The Blink of an Eye

His skin now has a yellowish hue as do the whites of his lovely blue eyes.  The skin on his legs and feet is pulled so tight that it’s starting to crack.  This lifetime athlete now has to stop to catch his breath after walking from one room to the next, and we are still seeking a good solution for controlling the pain.  The word that comes to mind is impossible.  A month ago we were at a reptile show.  And going out to lunch.  And taking the dogs for long meandering walks through the woods.  I have this overwhelming feeling that we haven’t done all the things that we were supposed to do.  

Now there are oxygen tanks and a hospital bed.  Hospice has been out twice going over medicines and symptoms.  I cannot wrap my mind around all of this.  Impossible.

xoxo,

Robyn

 

26 thoughts on “The Blink of an Eye

  1. I don’t know you or your husband but as I read your post it breaks my heart. Many prayers for you and your family as you make this journey through this difficult time.

  2. Robyn , I have no words , either. I was supposed to be up there right now, but know this, I can be there to help at a moments notice. You may be my cousin, but you and Matt are my other brother and sister. We love you guys!!!

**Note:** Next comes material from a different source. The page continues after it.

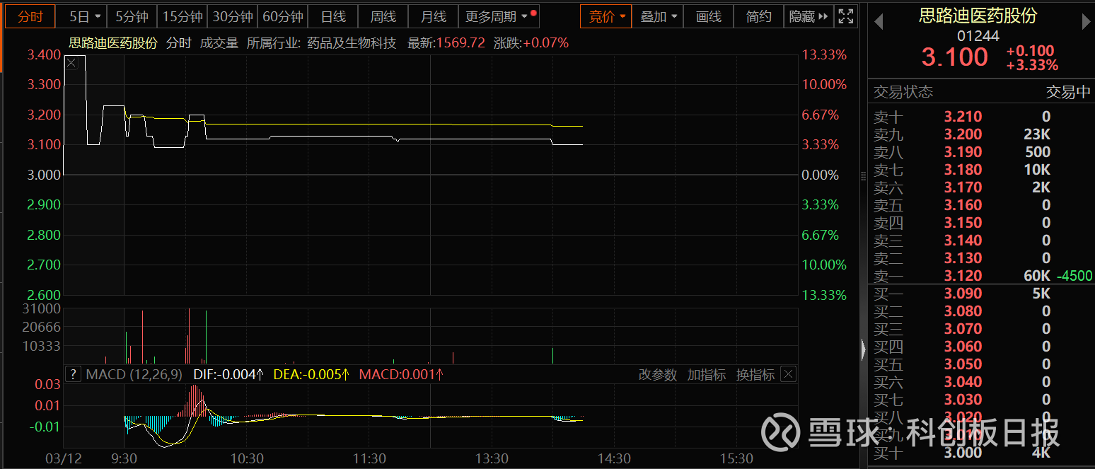 《科创板日报》3月12日讯(记者 邱思雨) 今日(3月12日)上午,思路迪医药股份股价(01244.HK)高开逾7%,截至发稿,涨3.33%。

  3. “Hear my cry, O God; give heed to my prayer. From the end of the earth I call to You when my heart is faint. Lead me to the rock that is higher than I. For You have been a refuge for me, a tower of strength against the enemy. Let me dwell in Your tent forever; Let me take refuge in the shelter of Your wings.” ~ Psalm 61:1-4

  4. Breath in. Breath out. Repeat. Think of the army of love and concern sending karma your way and know that -whatever it is that you’re doing to cope with today- is the absolute right thing to do, today. Tomorrow will be different. You will cope (or Not!) differently. That’s ok, too. The army of love and concern will still be sending good karma.

  5. Robyn, please give Dave a big hug from me. And know that I am thinking of you and praying for you, and sending you lots of love.
    Cathy DuPuy

  6. Robyn, I’m a long-time reader of Laura’s blog and have just been catching up on yours. I wanted you to know that I am praying for you, Dave and your kids. I can only imagine what you’re going through, but I pray specifically that you will all feel blanketed in peace and will be able to rest well at night to help you be strong during the days. Much love from Birmingham, Alabama.

  7. Love you and Dave and wishing I could be there to give you guys hugs in person. I thought of this quote by Winnie the Pooh, “If ever there is tomorrow when we’re not together.. there is something you must always remember. you are braver than you believe, stronger than you seem, and smarter than you think. but the most important thing is, even if we’re apart.. i’ll always be with you.”

  8. While the circumstance seems intolerable, the inability to take the pain away can make time stand still as your mind is trying to figure out how to fix it. Then you blink…. And where did the time go? How did all these changes happen right in front of me? Did I miss something? Should I have done something differently?
    Be gentle with yourself…. There is nothing you should or could be doing differently… Let the hospice folks help you…. They can provide insights that will let you know that what you are doing is exactly what needs to be done.
    It is hard to wrap your mind around…. Even from out here….
    You are not alone….
    Wishing you peace of mind and strength of spirit….

  9. I have worked at Hayfield and gotten to know Dave just a little these past two years, but it was enough to know that he is one of the best administrators with whom I’ve ever worked. Dave let my son shadow him one day last year and made a lasting impression on him for which I am very thankful. We send all of our positive thoughts and prayers your way as you go through each day. Give Dave a big hug from my son Sam and me.

  10. The entire VHSL staff sends you and Dave many thoughts and prayers. You are one of the strongest individuals I have ever come across. Even though this is your and Dave’s journey, you have a very strong support system. Prayers continue to come your way.

  11. Oh Robyn. The love I have for you both is only dimmer than the admiration I have for your grace. You and that tall drink of water are in my constant thoughts and prayers. Please tell him I love him.

  12. Dear Robyn,
    I don’t know you but my niece attends school there, and my sister sent me the link to your blog today.

    My heart is with you and your family. You have done a huge service to the world with your blog, which I read completely this morning. I hope through your grief you will feel pride for the courage you have shown and shared. Your journal is a gift from you to the world, and your husband is the catalyst that started it. I will never forget it.

    Thank you.

    Joyce Deschamps

  13. Thinking of you, Dave and your family everyday. I am so drawn to your blog. BIG hugs to you and Dave! This post breaks my heart. You are simply amazing in my eyes. XO

  14. Dear Robyn, Thinking of you, Dave and the kids every moment and hoping that you somehow feel the endless love that so many have for all of you during this horribly difficult time.

  15. Robyn- Im so sorry to hear the latest news and wish there was something I could do. Embrace Hospice as it is such a wonderful organization and they will be your angels of strength during this difficult journey. Use them for everything as they are there for the entire family. They really helped my family during our time of need at all hours of the day. I pray and pray and pray for all of you.